By John Farrell
Alan Turing was, according to Winston Churchill, the man most responsible for the allied victory against the Nazis in World War II.
He was the man who invented the theories that make the computer this is being written on possible. He was a surpassing genius who created the computer almost single-handedly and devised a way to read Nazi signals undetected.
He also was a homosexual and in the 1950s’ Britain that was still a criminal offense. No matter what he had accomplished for the British nation, he was convicted as a homosexual and forced to take injections to be chemically castrated. He died two years later, perhaps as a suicide.
You need to know all that to appreciatePink Milk, the poetic, even dreamy treatment of Turing’s life, which had its West Coast premier recently at the Garage Theatre in Long Beach.
Under the direction of Ashley Elizabeth Allen, with a stark white gazebo set designed by Yuri Okahana, the work is a loving look at Turing’s inner life and, finally, a searing indictment of the British government that used Turing and then callously caused his suicide. Turing’s intellectual prowess is barely noted in the play. You are presumed to know beforehand about him, enjoy and explore his inner life, non-scientific life.

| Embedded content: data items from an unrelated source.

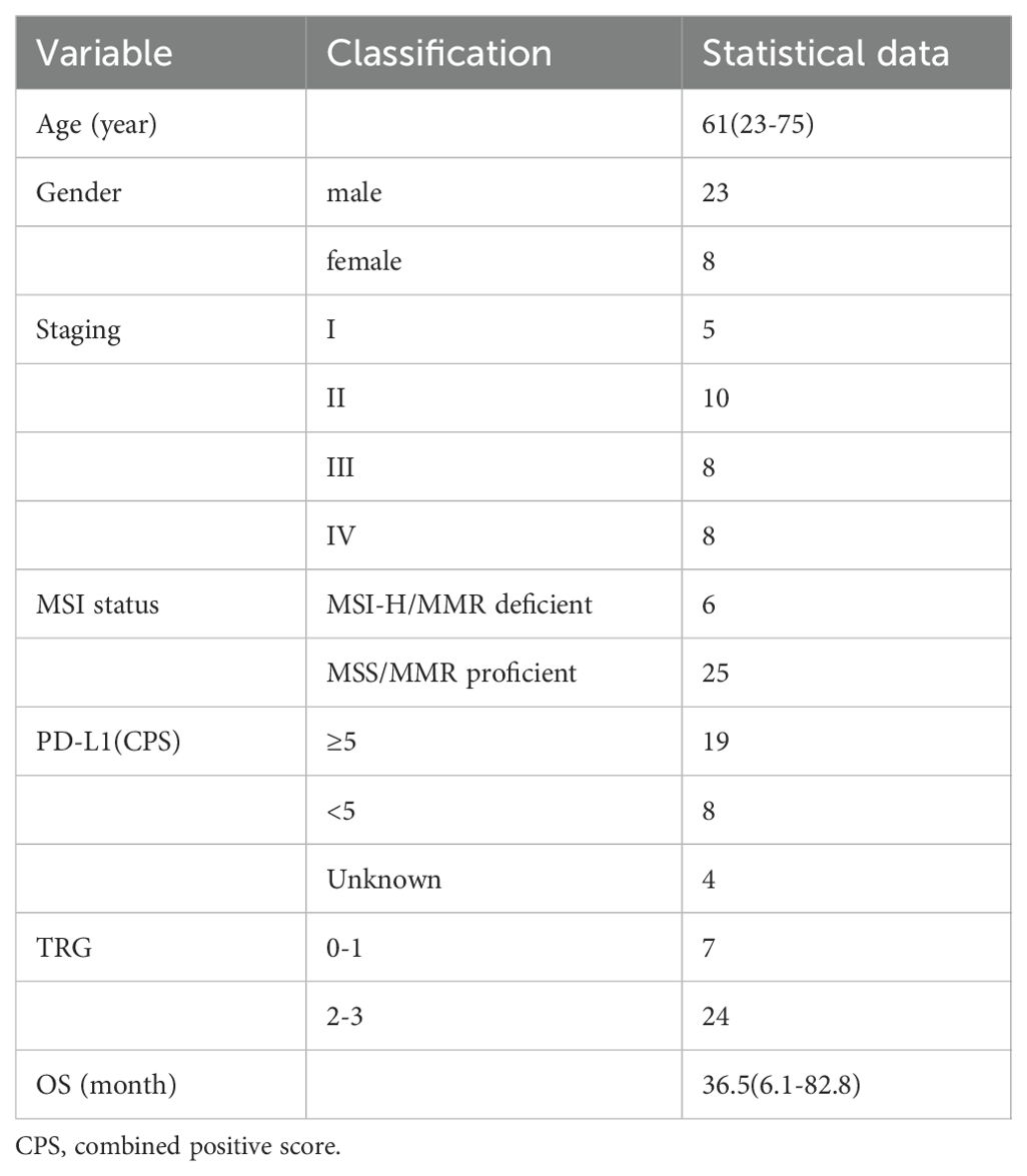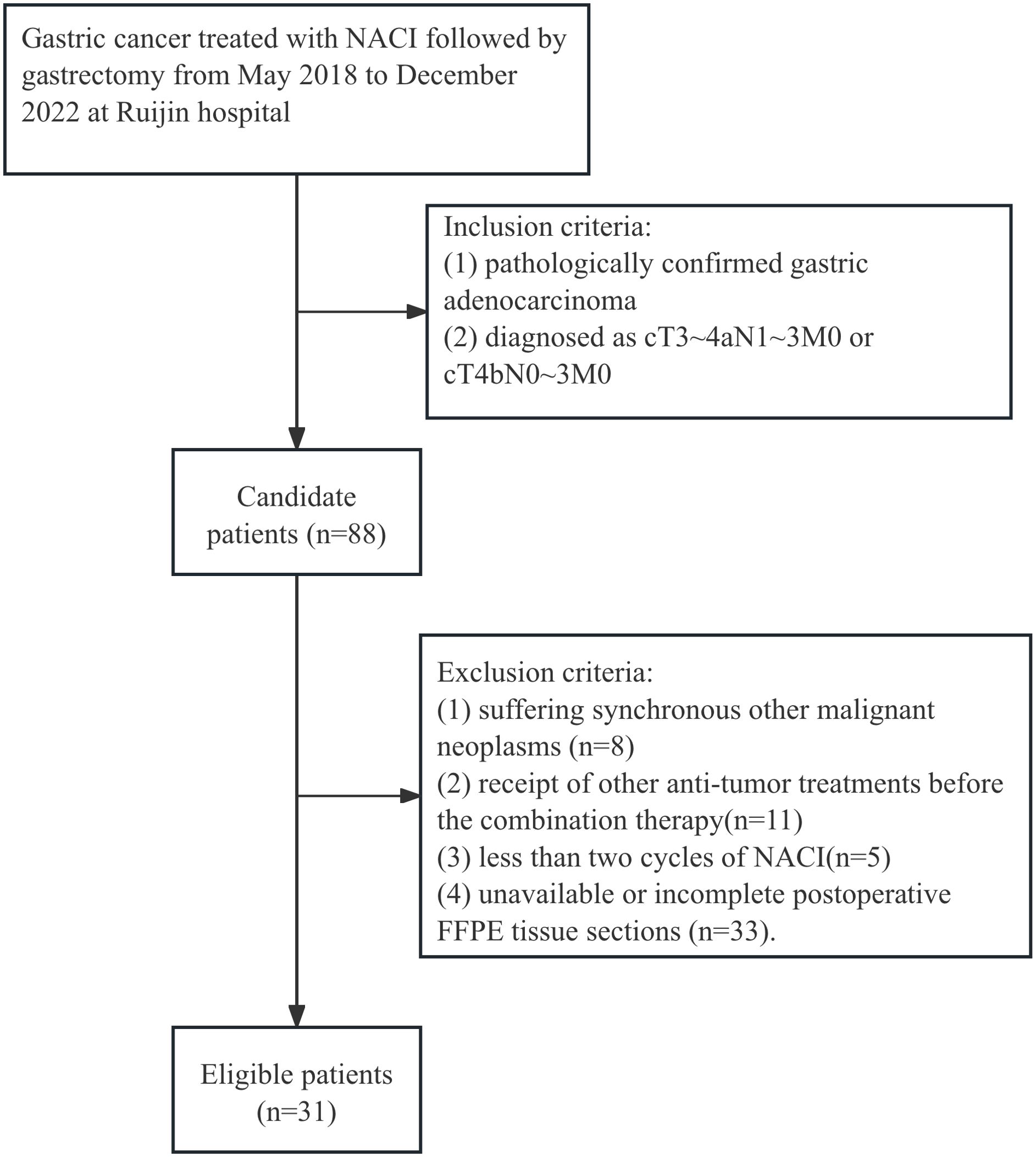 The study design is illustrated in Figure 1. This retrospective analysis encompassed 31 patients with LAGC who received anti-PD-1 drugs in conjunction with chemotherapy before gastrectomy from May 2018 to December 2022 at Ruijin Hospital, Shanghai, China. All enrolled patients fulfilled these inclusion criteria: (1) pathologically confirmed gastric adenocarcinoma; (2) diagnosed as cT3-4aN1-3M0 or cT4bN0-3M0. The exclusion criteria were (1) suffering synchronous other malignant neoplasms, (2) receipt of other anti-tumor treatments before the combination therapy, (3) less than two cycles of NACI, and (4) unavailable or incomplete postoperative FFPE tissue sections. A patient selection flowchart is shown in Figure 2. Demographic and clinicopathological data were retrieved from medical records, including age, sex, the ypTNM stage, MSI status, PD-L1 status, TRG, and follow-up data of 1-year and 3-year OS (Table 1). Ethical approvals were obtained from the Ruijin Hospital Ethics Committee, and informed consent was exempted given the retrospective nature of the study.
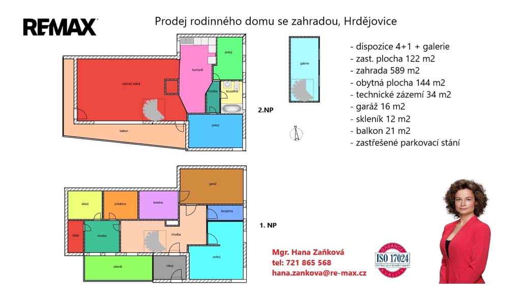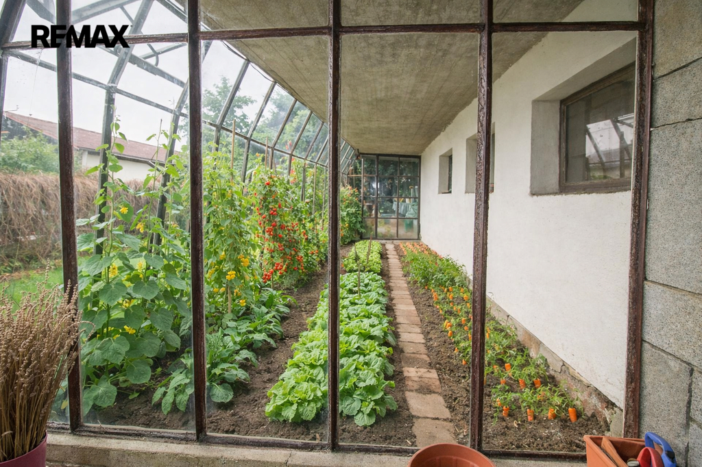 Obytná část je dispozičně řešena jako 4+1 o obytné podlahové ploše 144 m2 + technické zázemí 34 m2+garáž 16 m2 + skleník 12 m2+ balkon 21 m2.
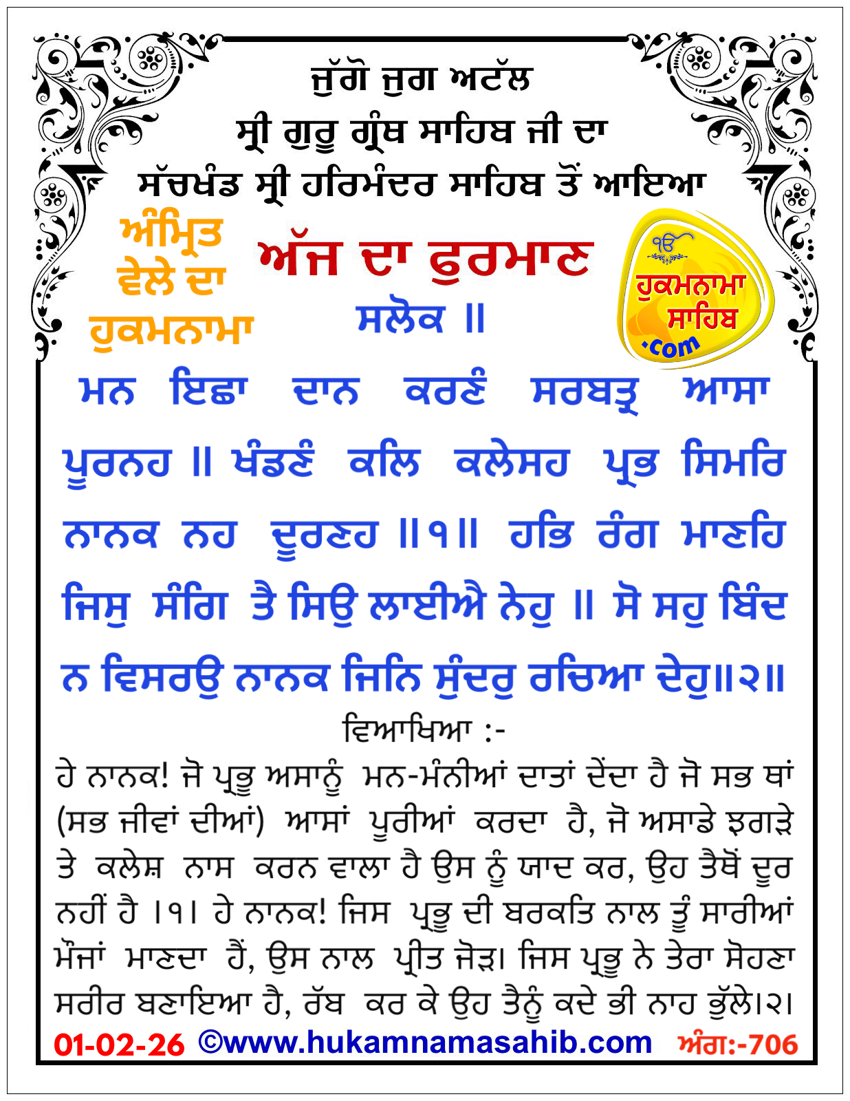Amrit Vele Da Hukamnama Sri Darbar Sahib, Amritsar, Date 01-02-2026 Ang 706
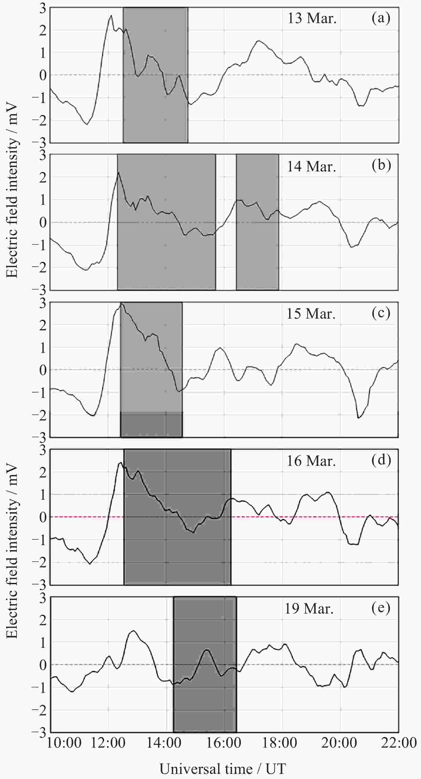 图 10 2015年3月13-16日及3月19日日落前后电离层电场的变化情况 (灰色区域表示当日630 nm气辉成像仪观测到等离子体泡的时段)
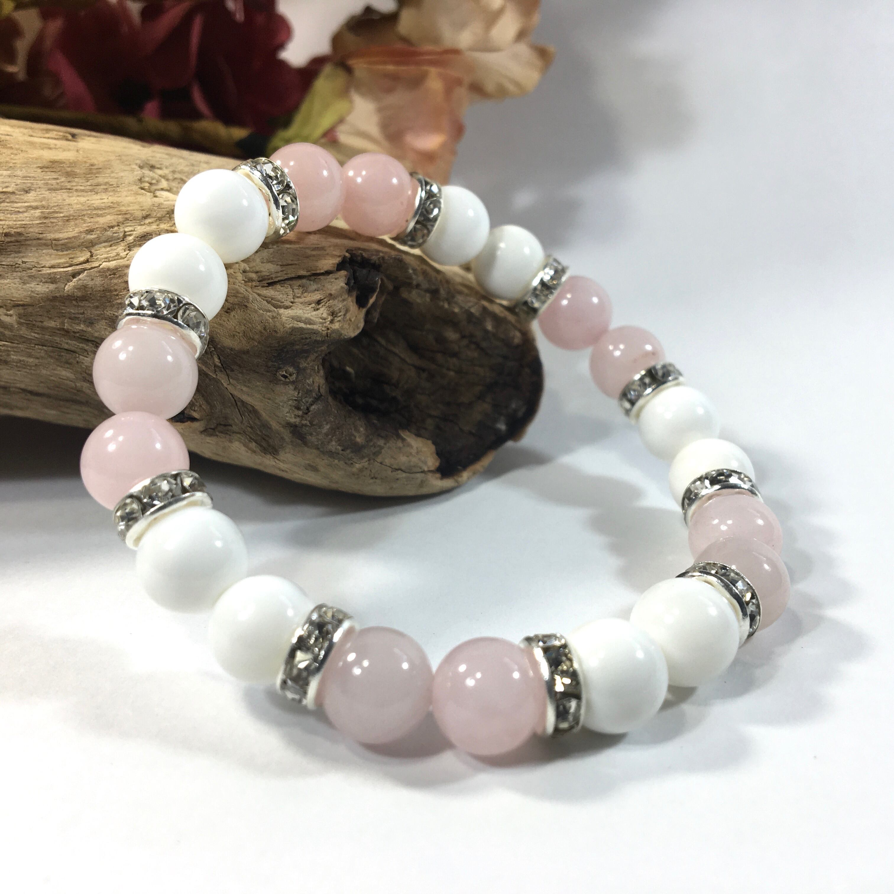 ローズクォーツ&ホワイトオニキス パワーストーン ブレスレット 天然石 8mm(シルバー)レディース 女性 数珠ブレス 開運 プレゼント ギフト
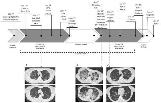 Case report timeline: A 50-year-old woman with a history of non-Hodgkin follicular lymphoma treated with anti-CD20 therapy was SARS-CoV-2 positive starting on 18 February 2022. Multiple nasopharyngeal swabs were collected and all tested positive. On 19 April, 4 May and 5 September, SARS-CoV-2 was isolated from nasopharyngeal swabs, and the viruses were identified as BA.1 variants. On 24 March, she underwent Computed Tomography (CT) that showed “multiple and diffuse areas of parenchymal opacities with a ground glass appearance, with a tendency to consolidation in sloping areas” (A). On hospital readmission, the clinical conditions immediately appeared critical with acute progressive respiratory failure due to extensive COVID-19 interstitial pneumonia, as shown in CT images (B): “Bilateral extensive consolidative foci, “crazy paving” and “ground glass” opacities are evident in the lung parenchyma””. The medical therapy was set as follows: antibiotic therapy, off-label antiviral therapy with remdesivir (10-day course) plus nirmatrelvir/ritonavir (5 day course), tixagevimab/cilgavimab, and dexamethasone (6 mg/die for 10 days). The patient presented an excellent clinical-radiological response with progressive reduction of oxygen requirement up to the suspension and improvement on control CT after 2 weeks (C). However, she required further off-label prolonged therapy with nirmatrelvir/ritonavir up to negativization obtained on 2 November 2022. NPS, nasopharyngeal swab; R, remdesivir; S, sotrovimab; D, dexamethasone; TC, tixagevimab/cilgavimab; N/R, nirmatrelvir/ritonavir; HFNC, high-flow nasocanula.
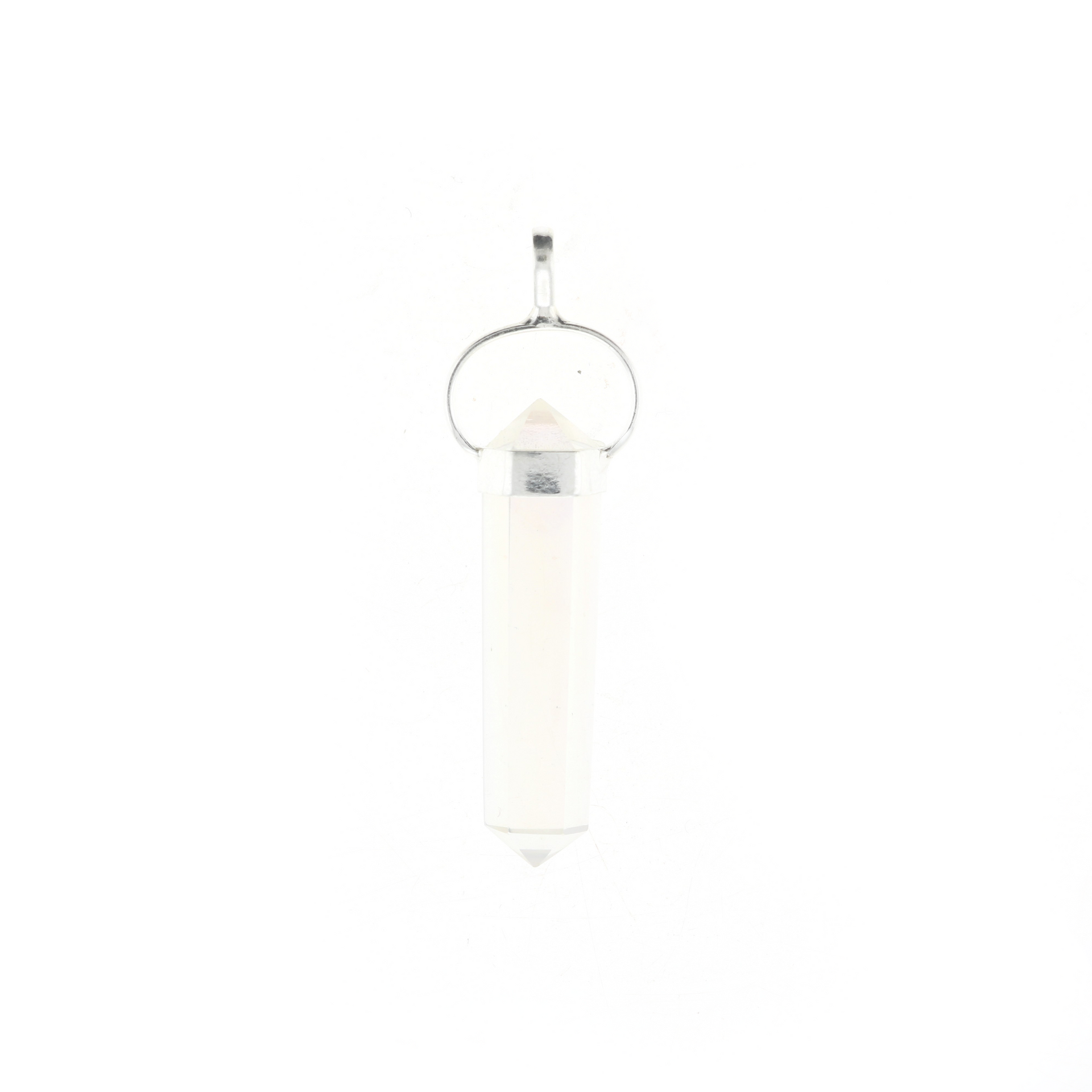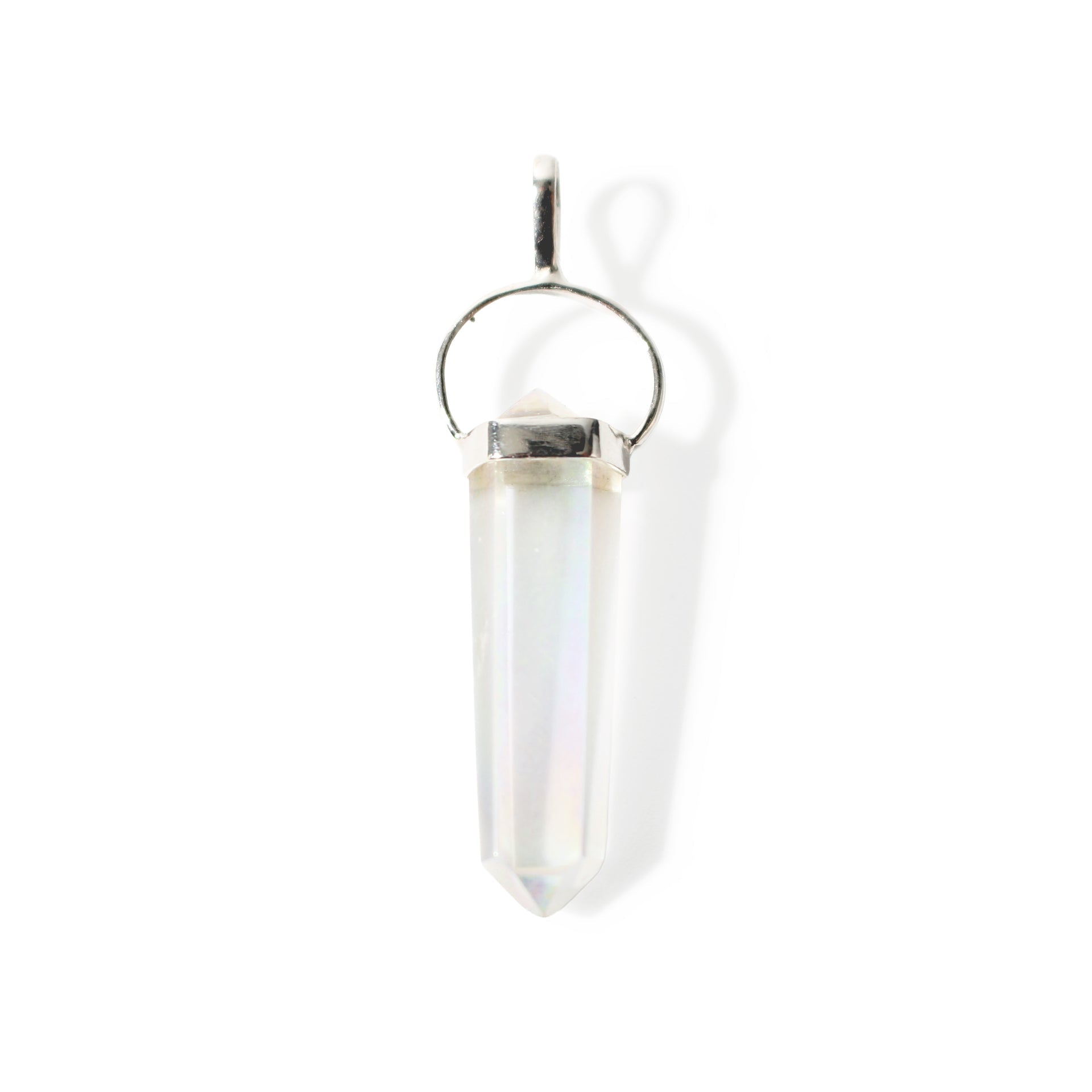 This Opal Aura Double Terminated Pendant shimmers with pearly iridescence and soft pastel flashes, created by bonding Quartz with platinum and silver. Its polished, faceted form radiates light and balanced energy flow.

Nick Rapp is Alan, as boy and man. He is sympathetic and natural, a man born into a world where his parents (Craig Johnson as his father and Blair Allison as his mother,) are caring and sympathetic. They know that Alan is a special boy and a special man. The title of the play,Pink Milk, is a reference to his boyhood friend Christopher (Lysander Xanthus), who died from the effects of drinking some pink milk that was tainted with bovine tuberculosis. The loss of this friend apparently lived with Alan his whole life, at least according to this interpretation.
Alan’s life is filled with experiment and increasingly complex knowledge. This is indicated by Matthew Vincent Julian, who plays the various computer robots that Alan creates. (These were not walking, talking machines but that doesn’t really matter.) Lottie Frick plays various inanimate objects in the play and Maribella Magana is a series of authority figures in Alan’s life.
The costumes, designed by Katie Shanks, all in black and white, are an integral part of the play. Almost the only color in the setting are the apples, which Alan ate every day, and which might have been the manner of his suicide at the end of his life. Her costumes, suspenders with chains, vests of similar material, are a part of Alan’s vivid fantasy world.
Director and choreographer Ashley Elizabeth Allen uses this simple set, with the audience arrayed around all four sides, effectively and with more than a little interest. Alan and the others don’t dance to music as much as they go into positions of great difficulty and expressiveness as the play progresses.
This isn’t a definitive life of Turing. In fact, it is anything but. Instead, it is an interpretation of his emotional life and struggles, from his fascination with Disney’s Snow White to his naïveté in dealing with the police. His story is actually tragic, with a fatal flaw in his character exploited by the out-of-date British law. His brilliant successes will have to be told elsewhere.
Tickets are $18 for general admission and $15 for students, seniors and teachers.
Performances are Thursdays, Fridays and Saturdays at8 p.m. through Nov. 1.